Но скажите на милость: для чего голый человек глазнику?
Отолярингологу? Стоматологу? Глаза никогда не бывают расположены на лопатках, уши – на ягодицах, зубы – в заднем проходе… И, тем не менее, эти врачи тоже, бывало, сидели в общем зале комиссии и вынуждены были, без малейшей в том необходимости, лицезреть призывников голых, как в бане.
Испытывая неловкость, стесняясь своего неоправданно нагого тела, прикрывая ладошкой "страм", путешествует парнишка от одного доктора к другому. Причем, бОльшая часть комиссии – женщины, нередко молодые и хорошенькие. А иногда это знакомые, соседи, родители друзей, у которых он бывает в доме или назавтра зван в гости (так однажды случилось со мною).
И вот, наконец, ты прошел все круги этого – ну, пусть не ада, но чистилища – и направляешься к накрытому кумачом столу, за которым восседает уже не медицинская, а воинская комиссия: мордатые, озабоченные службой офицеры в звании, как правило, не ниже капитана, имеющие над тобою уже то преимущество, что одеты в форму и затянуты в ремни и портупеи, а ты стоишь перед ними голый, как обезьяна.

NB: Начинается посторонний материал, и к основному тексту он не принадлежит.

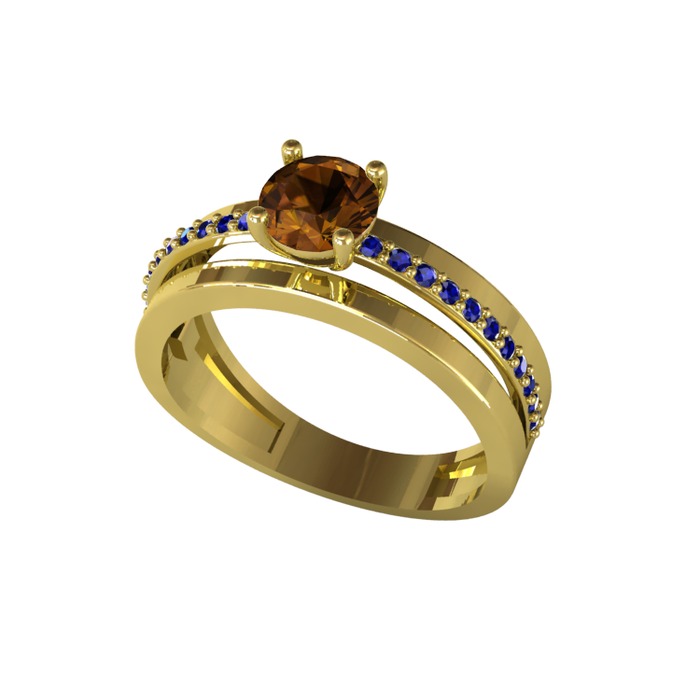 Dumanlı kuvars ve lab safir 925 ayar altın kaplama gümüş yüzük

Между ними посредине – тучный, кровью налившийся полковник, глядящий на тебя – да, именно, как солдат на вошь. Вот они, хозяева твоей судьбы, ты подходишь к ним с трепетом в душе и даже, из уважения к столь важным персонам, считаешь, необходимым прикрыть обеими руками причинное место…
– Сыр-р-р-ра! – вдруг во всю мощь тренированной сытой глотки гаркает военком – и ты вытягиваешься перед ним тростиночкой, как учили военруки: "руки – по швам" (по швам – чего?!), грудь вперед, живот втянут так, что внутри коснулся спинного хребта… Но – о ужас! – от этого последнего движения твой тщательно скрываемый юношеский предмет выскакивает вперед – пред лютые очи грозного полковника и всей золотопогонной камарильи! Стоишь перед ними, "как рекрут на часах" (только вовсе без выкладки), светишься всеми родимыми пятнышками своего еще полудетского тела, а товарищ полковник и вся его братия решают твою судьбу.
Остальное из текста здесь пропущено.